* [Work required]:
Starting at the first line of the material below, retype each line exactly until you reach the line with "2018年7月31日,河南省", which is also included; pictures stay out.
------ Records provided ------
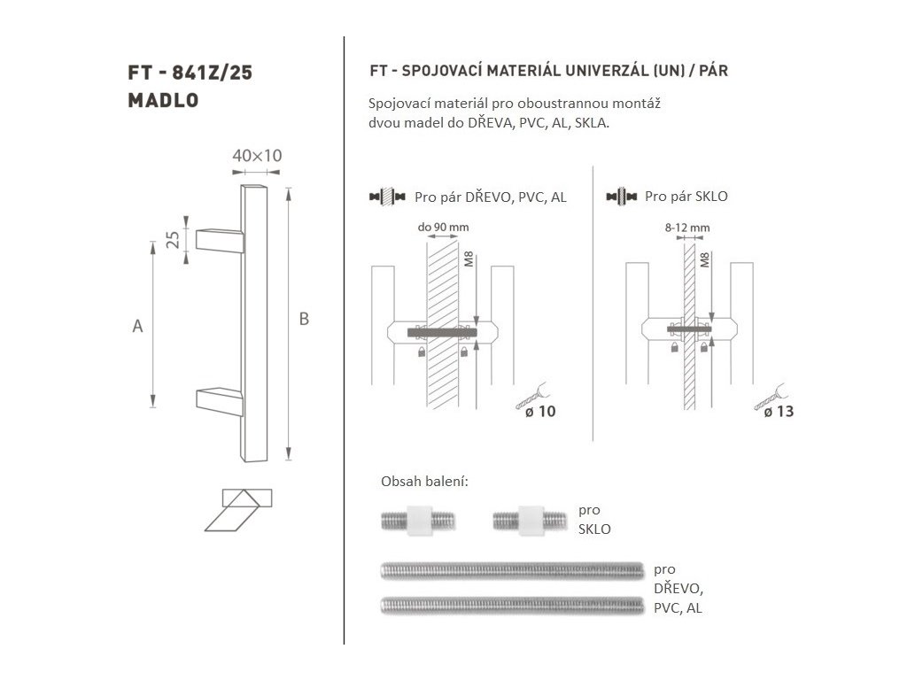 Madlo na dveře je vyrobeno z vysoce kvalitní nerezavějící oceli, známé jako nerez a je povrchově upraveno. Profil madla je 40 x 10 mm. Sada UNIVERZÁL (UN) obsahuje spojovací materiál pro oboustrannou montáž jednoho madla do dřeva, PVC, AL, skla. Madlo s délkou 1800 mm má 3 úchyty.
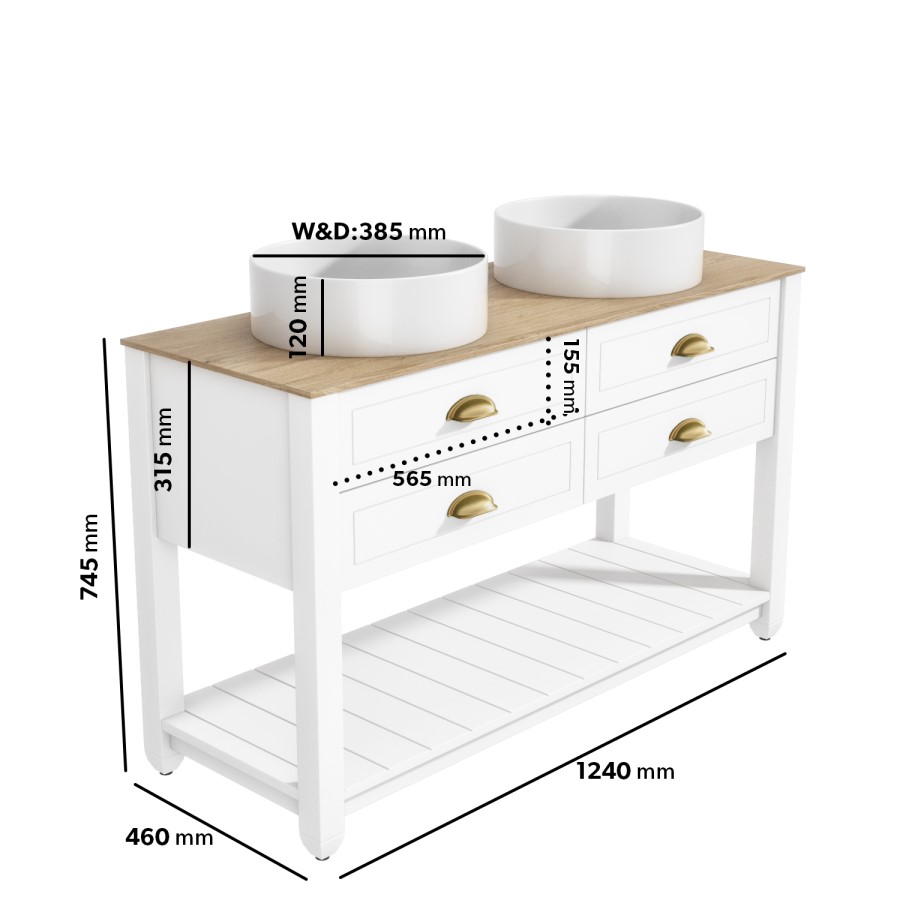 Manufactured to a high standard, the high-quality ceramic countertop basin is included; however a tap is not included, allowing you to customise the Kentmere and choose the tap or taps of your choice. No assembly is required; there's just the basin to secure and your chosen tap to install. Also available in a matt white worktop finish and varying sizes.
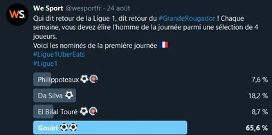 Qui dit retour de la Ligue 1 dit retour du Grande Rougador. Pour ce premier épisode, Da Silva, El Bilal Touré, Philippoteaux et Gouiri étaient nominés. C’est finalement le buteur de Nice qui a été choisi.
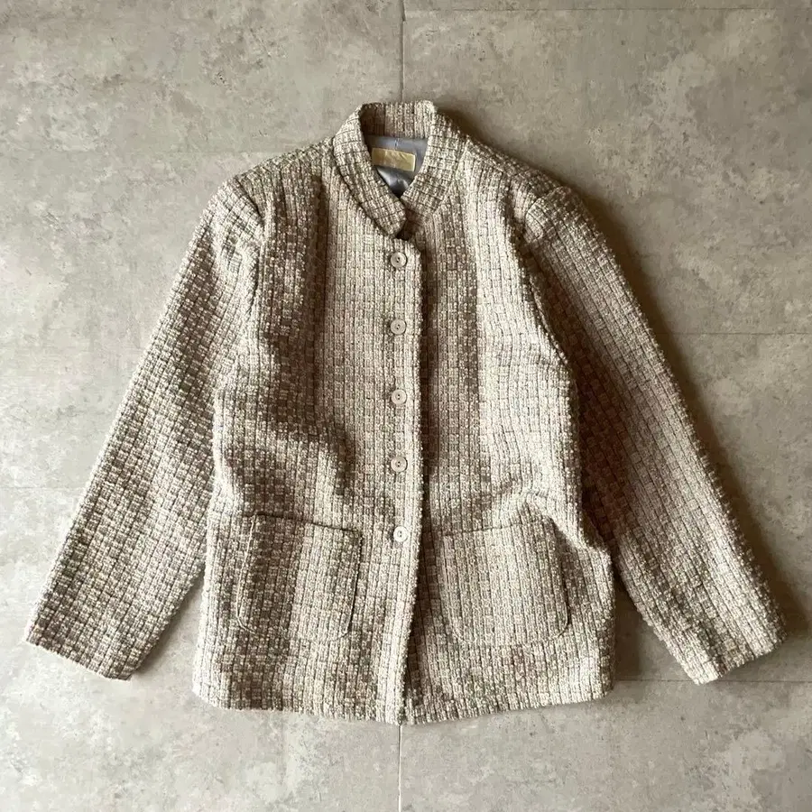트위드 자켓 노카라 자켓 믹스 트위드 아이보리 구제 의류
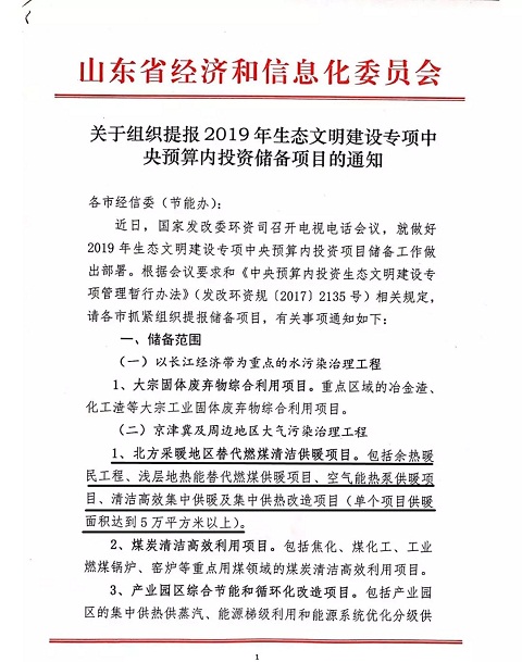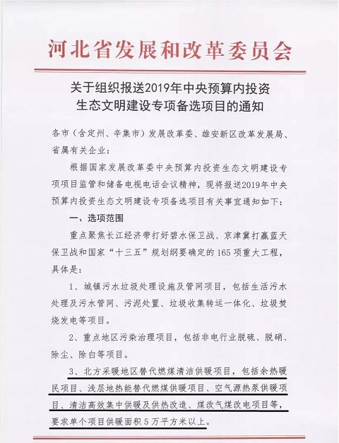 2018年7月31日,河南省發(fā)展和改革委員會(huì)印發(fā)《關(guān)于組織申報(bào)2019年中央預(yù)算內(nèi)投資生態(tài)文明建設(shè)專(zhuān)項(xiàng)備選項(xiàng)目的通知》,指出專(zhuān)項(xiàng)備選重點(diǎn)為北方采暖地區(qū)替代燃煤清潔供暖項(xiàng)目,主要包括余熱暖民工程、淺層地?zé)崮芴娲济汗┡?xiàng)目,空氣源熱泵供暖項(xiàng)目,清潔高效集中供暖及集中供熱改造項(xiàng)目,單個(gè)項(xiàng)目的供暖面積要達(dá)到5萬(wàn)平方米以上。
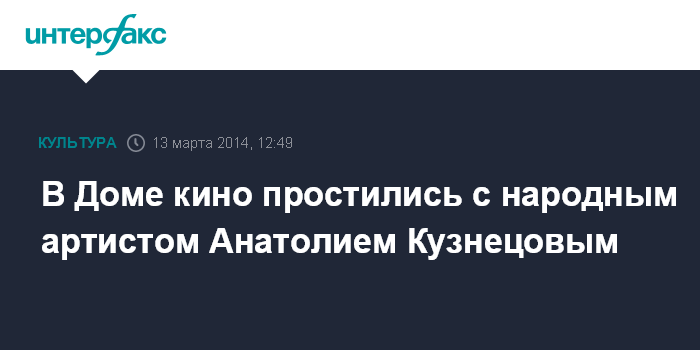 Москва. 13 марта. INTERFAX.RU - Прощание с народным артистом РФ Анатолием Кузнецовым прошло в четверг в Москве, в Доме Кино.
------
* [Exercise result]:
 Madlo na dveře je vyrobeno z vysoce kvalitní nerezavějící oceli, známé jako nerez a je povrchově upraveno. Profil madla je 40 x 10 mm. Sada UNIVERZÁL (UN) obsahuje spojovací materiál pro oboustrannou montáž jednoho madla do dřeva, PVC, AL, skla. Madlo s délkou 1800 mm má 3 úchyty.
 Manufactured to a high standard, the high-quality ceramic countertop basin is included; however a tap is not included, allowing you to customise the Kentmere and choose the tap or taps of your choice. No assembly is required; there's just the basin to secure and your chosen tap to install. Also available in a matt white worktop finish and varying sizes.
 Qui dit retour de la Ligue 1 dit retour du Grande Rougador. Pour ce premier épisode, Da Silva, El Bilal Touré, Philippoteaux et Gouiri étaient nominés. C’est finalement le buteur de Nice qui a été choisi.
트위드 자켓 노카라 자켓 믹스 트위드 아이보리 구제 의류
 2018年7月31日,河南省發(fā)展和改革委員會(huì)印發(fā)《關(guān)于組織申報(bào)2019年中央預(yù)算內(nèi)投資生態(tài)文明建設(shè)專(zhuān)項(xiàng)備選項(xiàng)目的通知》,指出專(zhuān)項(xiàng)備選重點(diǎn)為北方采暖地區(qū)替代燃煤清潔供暖項(xiàng)目,主要包括余熱暖民工程、淺層地?zé)崮芴娲济汗┡?xiàng)目,空氣源熱泵供暖項(xiàng)目,清潔高效集中供暖及集中供熱改造項(xiàng)目,單個(gè)項(xiàng)目的供暖面積要達(dá)到5萬(wàn)平方米以上。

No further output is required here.